In how many ways can 7 people be seated in a row o chairs if Jane and Joe must sit next to each other?

Jan 21, 2018

Seven people can be seated in 6!*2! =1440 ways, if two of them must be seated together.

Explanation:

This is a question about permutations. A permutation is an arrangement of a certain amount of objects in a specific order.

For example, if we have two people, $A$ and $B$, we can arrange them in a row of two chairs in two ways

$A B$ or $B A$

Each of these two arrangements is a permutation. Thus, there are only two possible permutations in the example.

If we have seven people it gets a bit trickier. We must use the multiplication principle.

If we have seven people and we want to know how many ways we can arrange them in a row of seven chairs, using the multiplication principle, we multiply all the options together to get the total number of arrangements.

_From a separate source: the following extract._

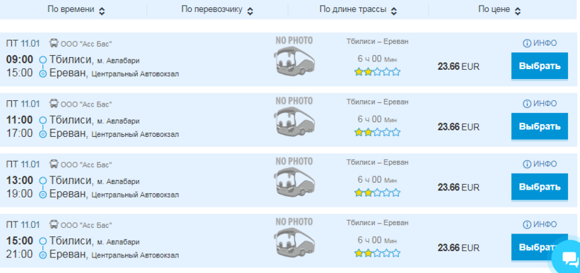 Можно приобрести билет на автобус из Баку до Тбилиси на сайте Бакинского международного автовокзала, выбрав время и дату поездки. Из Тбилиси до Еревана на автовокзале Ортачала.

E.g. there are 7 options for the first seat, 6 for the second (because one has been used), 5 for the third, 4 for the fourth, and so on.

7*6*5*4*3*2*1=7! =5040

So there are 5040 ways of arranging seven people in a row of seven chairs.

I think the proof of this is best seen by making a tree diagram and noting that the number of branches at the end tells you the number of possible arrangements/permutations. The tree for seven people is way too big so if you want to test this, do it with a smaller number, such as three people (there will be $3 \cdot 2 \cdot 1 = 6$ branches/arrangements). I won't go into more detail on how this works, other than to say that it is very important and should be understood if you want to deal with permutations or probability.

Now, let's call each person $A , B , C , D , E , F , G$

The answer is not 5040 because we have a restriction, two of the people must sit next to each other. We'll call Jane and Joe, $A$ and $B$. Group them together and call them one object, $X$.

Now we effectively have six objects

$X , C , D , E , F , G$

where $X = A , B$

Using the multiplication principle, we can arrange six objects in 6! ways

6*5*4*3*2*1=6! =720

But we also have to take into consideration the group, $X$, which can also be arranged in multiple ways

$A B$ or $B A$

2*1=2! =2

To take this into account and get the total number of arrangements, we must use the multiplication principle again. This involves multiplying the number of arrangements of six objects by the number of arrangements of the group, $X$

$720 \cdot 2 = 1440$

This makes sense because we have 720 arrangements where $A$ is first, but we can have another 720 arrangements where $B$ is first.